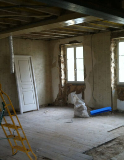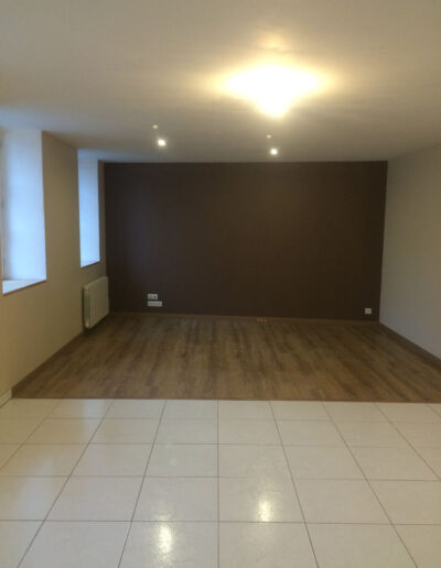 Cette rénovation a nécessité une refonte totale des volumes. L’appartement, autrefois sombre et vétuste, a été entièrement repensé pour créer un espace de vie sain, intégrant deux nouvelles chambres et une salle de bain moderne. Le local commercial au rez-de-chaussée a également bénéficié d’une remise aux normes complète pour accueillir une nouvelle activité professionnelle. De la ruine intérieure est né un ensemble immobilier pérenne et sécurisé.
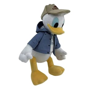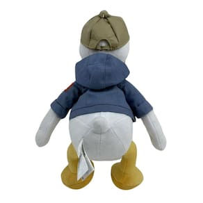 Donald vestido com boné, jaqueta e camiseta estampada: Um visual moderno e exclusivo que agrada a todos os fãs, tornando a pelúcia um item de destaque em qualquer coleção.
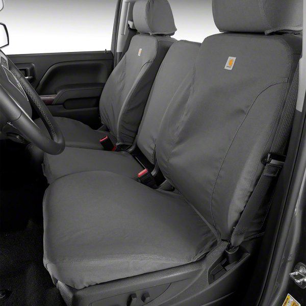 Superior Protection and Durability. Shield your 2020-2026 Chevrolet Silverado 2500 HD's front seats with the Covercraft SeatSaver Custom Front Seat Covers in Carhartt Gravel. These custom-fit seat covers are made from durable Carhartt fabric, providing exceptional protection against spills, stains, and everyday wear and tear. The water-resistant material ensures your seats remain dry and clean, while the tough Carhartt construction guarantees long-lasting durability, making these seat covers ideal for work trucks and family vehicles alike.

> _Assigned task_: Whenever a picture appears in the listing, leave it out; copy everything else exactly.

> _Finished task_:
 Cette rénovation a nécessité une refonte totale des volumes. L’appartement, autrefois sombre et vétuste, a été entièrement repensé pour créer un espace de vie sain, intégrant deux nouvelles chambres et une salle de bain moderne. Le local commercial au rez-de-chaussée a également bénéficié d’une remise aux normes complète pour accueillir une nouvelle activité professionnelle. De la ruine intérieure est né un ensemble immobilier pérenne et sécurisé.
 Donald vestido com boné, jaqueta e camiseta estampada: Um visual moderno e exclusivo que agrada a todos os fãs, tornando a pelúcia um item de destaque em qualquer coleção.
 Superior Protection and Durability. Shield your 2020-2026 Chevrolet Silverado 2500 HD's front seats with the Covercraft SeatSaver Custom Front Seat Covers in Carhartt Gravel. These custom-fit seat covers are made from durable Carhartt fabric, providing exceptional protection against spills, stains, and everyday wear and tear. The water-resistant material ensures your seats remain dry and clean, while the tough Carhartt construction guarantees long-lasting durability, making these seat covers ideal for work trucks and family vehicles alike.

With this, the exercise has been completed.